Bila di masa Mao, China dikenal dengan semboyan ‘’Lompatan jauh ke depan’’, kini negeri itu mengenalkan ‘’Lompatan jauh ke atas’’,dengan program luar angkasanya. James Oberg, ahli dari NASA, pada 2003 menulis di Scientific American Magazine bahwa dalam satu dekade, program luar angkasa China akan melewati Rusia maupun punya Masyarakat Eropa (ESA). Ramalan ini tampaknya akan terwujud mengingat China kini tengah bersiap-siap meluncurkan program penempatan stasiun penelitian di ruang angkasa, plus program pendaratan astronot di bulan.

Pada 2007 China bahkan sudah berhasil mengirimkan wahana tanpa awaknya ke bulan. Program luar angkasa itu tak bisa dilepaskan dari peningkatan industri lainnya. Dengan sekali melompat jauh ke depan, industri lain juga akan ikut terbawa maju. Filosofi ini di Indonesia berkalikali disampaikan Menteri Riset dan Teknologi BJ Habibie di era Presiden Soeharto sebagai alasan mengapa Indonesia perlu punya industri pesawat terbang. Dengan memiliki industri dirgantara, Indonesia dengan sendirinya akan memiliki industri sekrup, pabrik baja, dan industri pendukung lainnya.

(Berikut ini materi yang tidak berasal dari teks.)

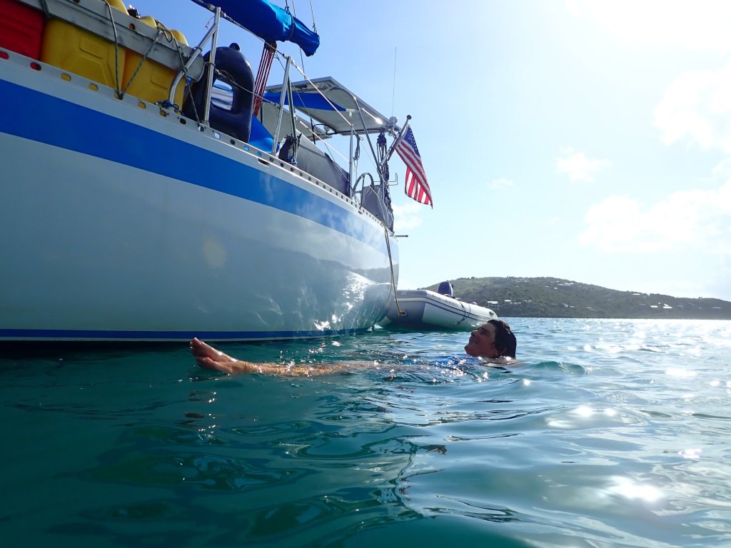 Puerto Rico has established strict anti-social (social-distancing) ordinances. Some marinas are open for fuel and food, as long as prior arrangements are made. CBP (US Customs) allows US citizens to gain entry as normal. However, local jurisdictions may (and do) implement stricter rules. No boats are allowed into Culebra, where we are, except those providing essential services. Hence, why we see Mr. Cade every morning. We are not allowed to move Fayaway except to leave the island. If/when we choose to leave, we cannot return. One of us (not both) may only go via dinghy to land if to get food. We can’t go for a walk for fear of invoking any local wrath. Fortunately, we still have a full tank of cooking propane, and otherwise haven’t used any other fuel. But we can swim! And so to stretch our legs, we do many laps around Fayaway.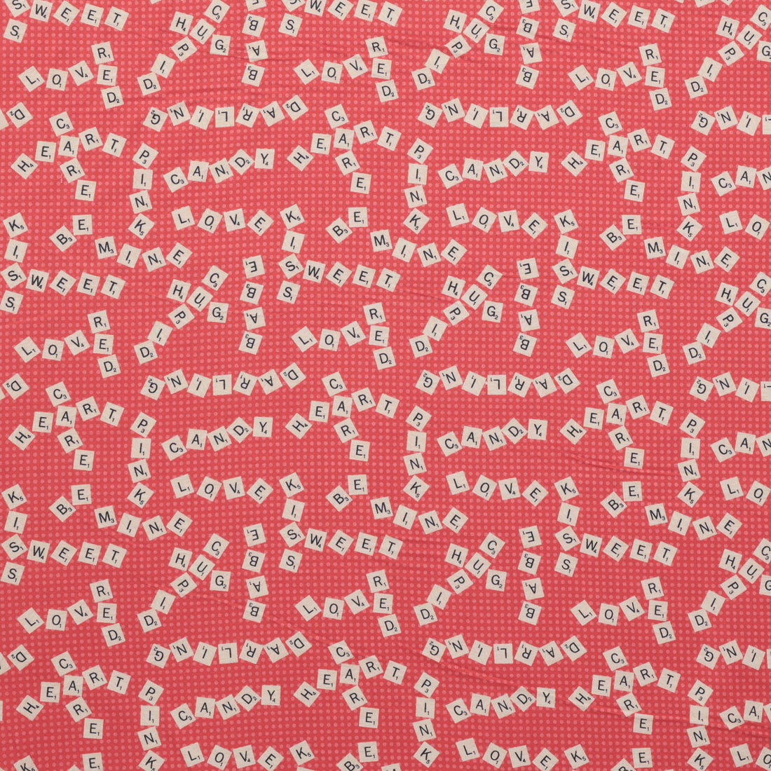 Make your next quilting project a playful one with Camelot's licensed cotton featuring a red dot background and charming Scrabble tile print of "Love," "Be Mine," "Sweet," and more. Perfect for board game lovers and those looking to add a touch of whimsy to their designs.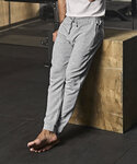 60% Combed cotton, 40% Polyester. Elastic waist with string. Back panel zipped pocket. Self-fabric cuffs. Double pre-shrunk. Silicone treatment. Two front pockets with zips. SBS zips.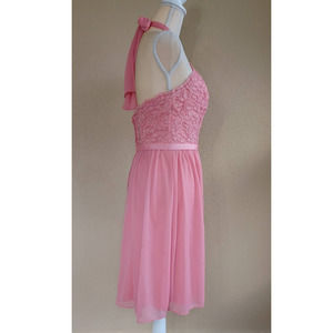David's Bridal Tie Neck Halter Floral Lace Mini Bridesmaid Dress Parfait Pink 8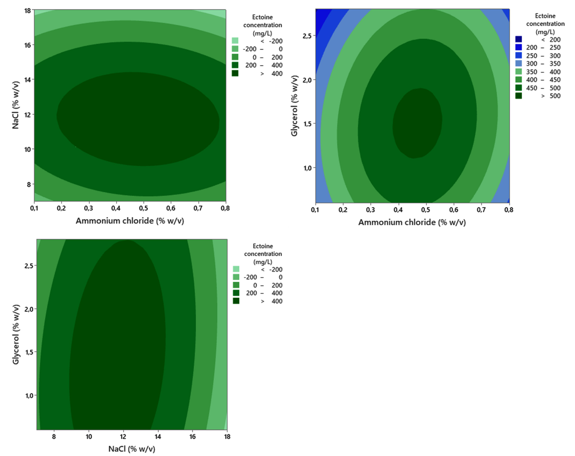 Figure 10. Contour plot showing the combined effect of ammonium chloride, glycerol, and NaCl concentration on the ectoine concentration produced by the halophilic bacteria isolate LES5 AG4

Ide BJ Habibie banyak mendapat tentangan dari para ekonom, yang menyatakan bahwa Indonesia belum saatnya memiliki industri canggih. Ide itu pupus setelah kedatangan IMF yang memaksa pemerintah merestrukturisasi industri strategis. Berbeda dengan China, yang secara konsisten menjalankan program luar angkasa.Walaupun teknologi dan perangkat China banyak yang menjiplak Amerika dan Rusia, itu sudah cukup membuat banyak negara memandang China sebagai negara maju. Pandangan ini memudahkan China menjalankan diplomasi luar negerinya, di samping merupakan alat promosi ampuh bagi masuknya barang-barang hasil industri China.

Bila kita melihat akhir-akhir ini barang China makin menguasai pasar -tahun lalu sekitar 17 persen impor Indonesia dari China- , kita harus melihat hal itu bukan hal yang muncul tiba-tiba.Semuanya karena direncanakan dengan program pembangunan terpadu. Industri luar angkasa tak bisa dilepaskan dari industri lain seperti komputer, tekstil, atau elektronik. Ini bisa dilihat dari buku putih tahun 2000 keluaran Kementerian Penerangan China. Di situ dinyatakan, industri luar angkasa China merupakan bagian integral dari strategi pembangunan negara yang komprehensif.

Pada Juni tahun itu juga jurnal bulanan Xiandai Bingqi, terbitan lembaga riset teknologi militer, menyatakan bahwa peluncuran pesawat luar angkasa berawak akan meningkatkan “derajat” bangsa China di berbagai bidang teknologi tinggi seperti komputer, peralatan elektronik, material pesawat luar angkasa. Hasil riset dari pengembangan teknologi luar angkasa dapat diterapkan di kegiatan militer dan sipil.

Jadi apa tujuan misi antariksa China? Para analis antariksa dari NASA menilai, tujuan utamanya adalah untuk PR -public relations. Dengan mengirimkan astronot serta membangun stasiun di luar angkasa ,China bisa menunjukkan pada dunia negeri ini sudah pantas menyandang status sebagai ‘’superpower’’: adidaya di teknologi, industri, maupun finansial. Bagi Indonesia, strategi China ini sebenarnya tak ada yang baru. Ini bisa dilihat dari buku karya juru bicara presiden, Dino Patti Djalal, yang berjudul Diplomasi I Can ala Presiden Susilo Bambang Yudhoyono.

Bila diplomasi ini diterapkan secara konsisten, termasuk di dalam pengembangan teknologi luar angkasa, Indonesia niscaya tak akan tertinggal dari negara lain. Saya yakin, rakyat akan semakin cinta pada produk dalam negeri karena mereka tahu bahwa bangsa Indonesia sudah mampu menguasai teknologinya.